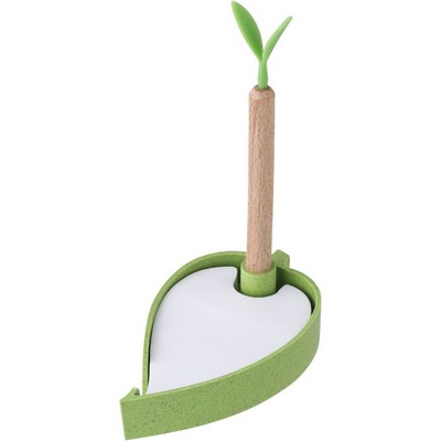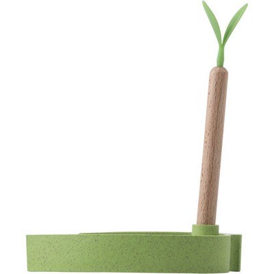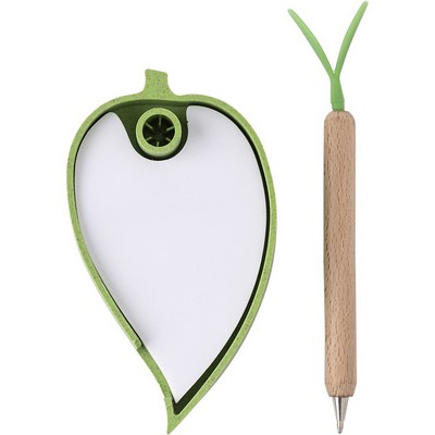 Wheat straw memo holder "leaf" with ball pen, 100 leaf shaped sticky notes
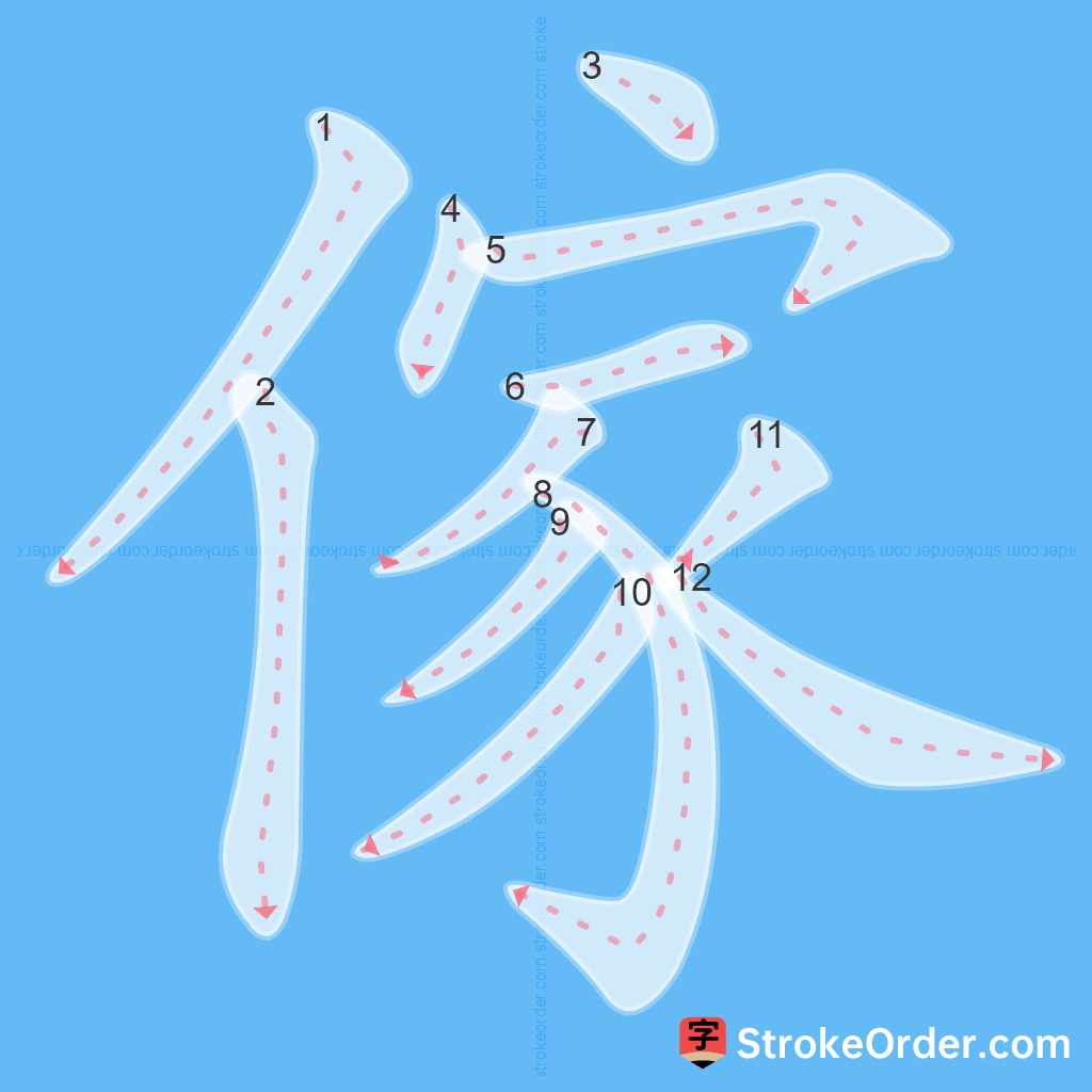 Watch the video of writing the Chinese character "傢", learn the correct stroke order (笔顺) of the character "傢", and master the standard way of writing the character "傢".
:::
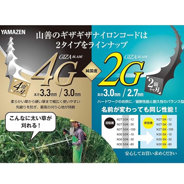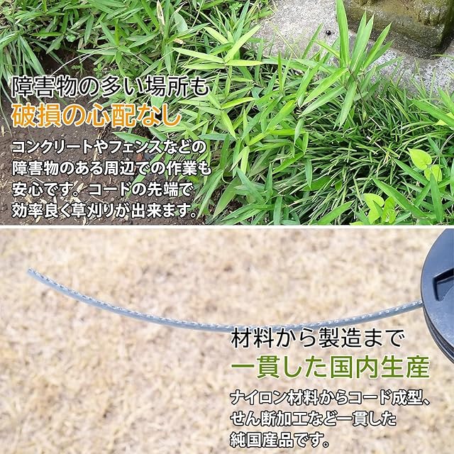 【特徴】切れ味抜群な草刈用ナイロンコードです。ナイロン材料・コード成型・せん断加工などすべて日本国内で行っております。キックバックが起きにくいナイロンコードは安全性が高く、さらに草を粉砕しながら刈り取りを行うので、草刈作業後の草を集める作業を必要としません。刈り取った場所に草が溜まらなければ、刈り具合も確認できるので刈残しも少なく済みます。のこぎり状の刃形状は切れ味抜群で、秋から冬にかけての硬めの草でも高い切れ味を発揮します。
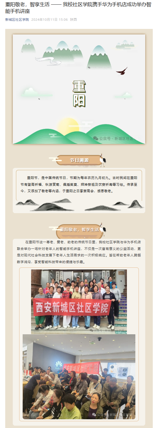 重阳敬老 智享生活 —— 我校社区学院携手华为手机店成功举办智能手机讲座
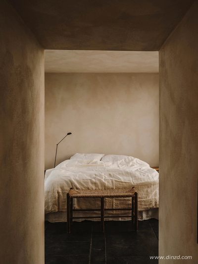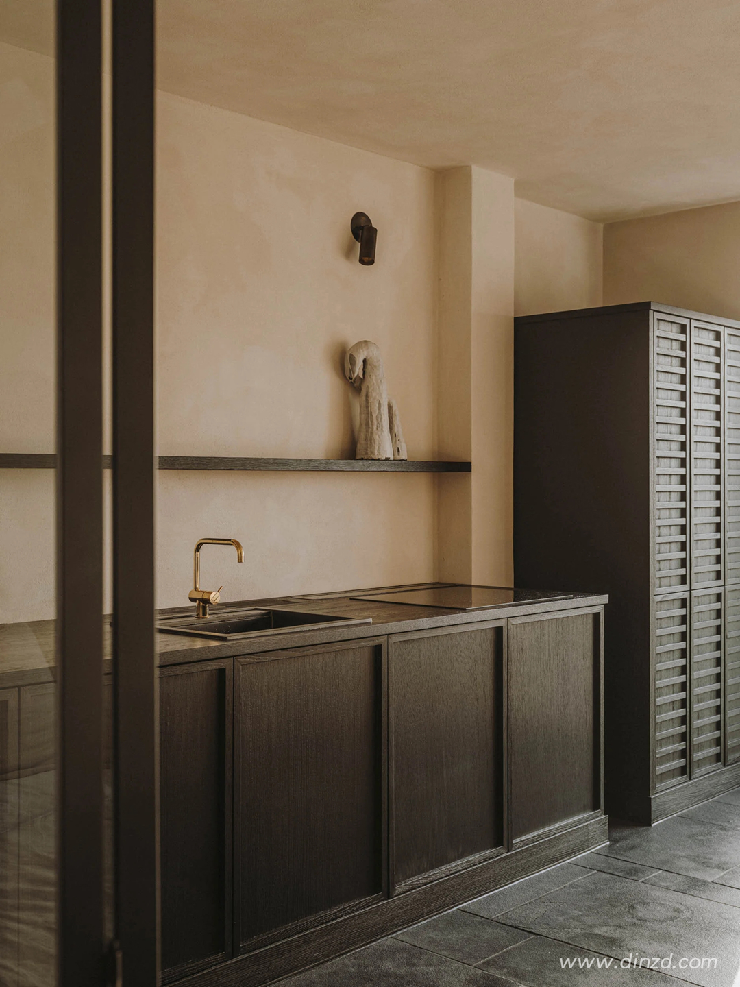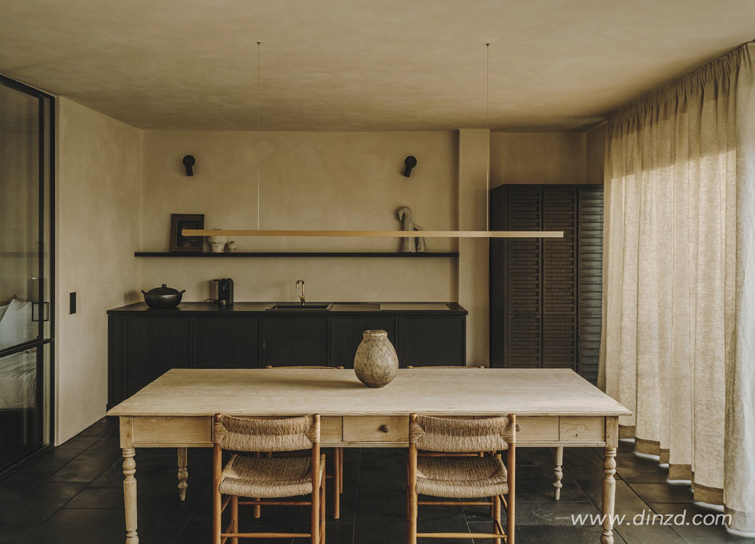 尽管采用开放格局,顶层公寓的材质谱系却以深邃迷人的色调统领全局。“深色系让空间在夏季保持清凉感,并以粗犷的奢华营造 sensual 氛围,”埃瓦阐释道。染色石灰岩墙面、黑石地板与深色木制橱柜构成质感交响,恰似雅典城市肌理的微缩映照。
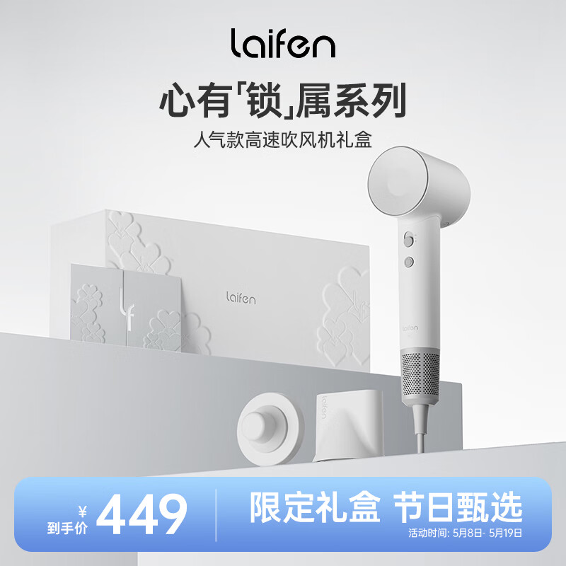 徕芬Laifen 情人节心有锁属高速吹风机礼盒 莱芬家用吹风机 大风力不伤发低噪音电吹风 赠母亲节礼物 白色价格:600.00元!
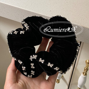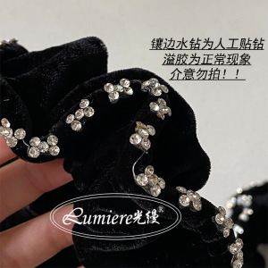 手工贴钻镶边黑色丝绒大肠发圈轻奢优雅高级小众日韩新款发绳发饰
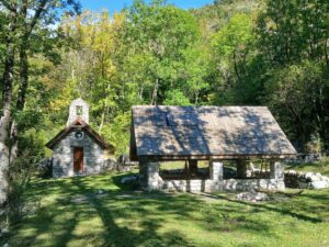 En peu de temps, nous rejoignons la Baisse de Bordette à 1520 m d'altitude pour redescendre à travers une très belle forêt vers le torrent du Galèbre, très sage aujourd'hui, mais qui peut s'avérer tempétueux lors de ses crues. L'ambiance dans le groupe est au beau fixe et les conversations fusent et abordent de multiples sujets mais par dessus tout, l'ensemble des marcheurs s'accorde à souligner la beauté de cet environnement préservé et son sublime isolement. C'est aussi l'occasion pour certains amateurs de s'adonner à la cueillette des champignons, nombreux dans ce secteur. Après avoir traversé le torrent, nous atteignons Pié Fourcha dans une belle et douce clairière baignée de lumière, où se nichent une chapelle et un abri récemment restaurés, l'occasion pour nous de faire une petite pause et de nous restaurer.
:::
◆ Work request ◆
What's needed is an exact copy of the lines above from the one with "Wheat straw memo" through the one with "Watch the video", both included; the pictures stay out.

◆ Solution to the exercise ◆
 Wheat straw memo holder "leaf" with ball pen, 100 leaf shaped sticky notes
 Watch the video of writing the Chinese character "傢", learn the correct stroke order (笔顺) of the character "傢", and master the standard way of writing the character "傢".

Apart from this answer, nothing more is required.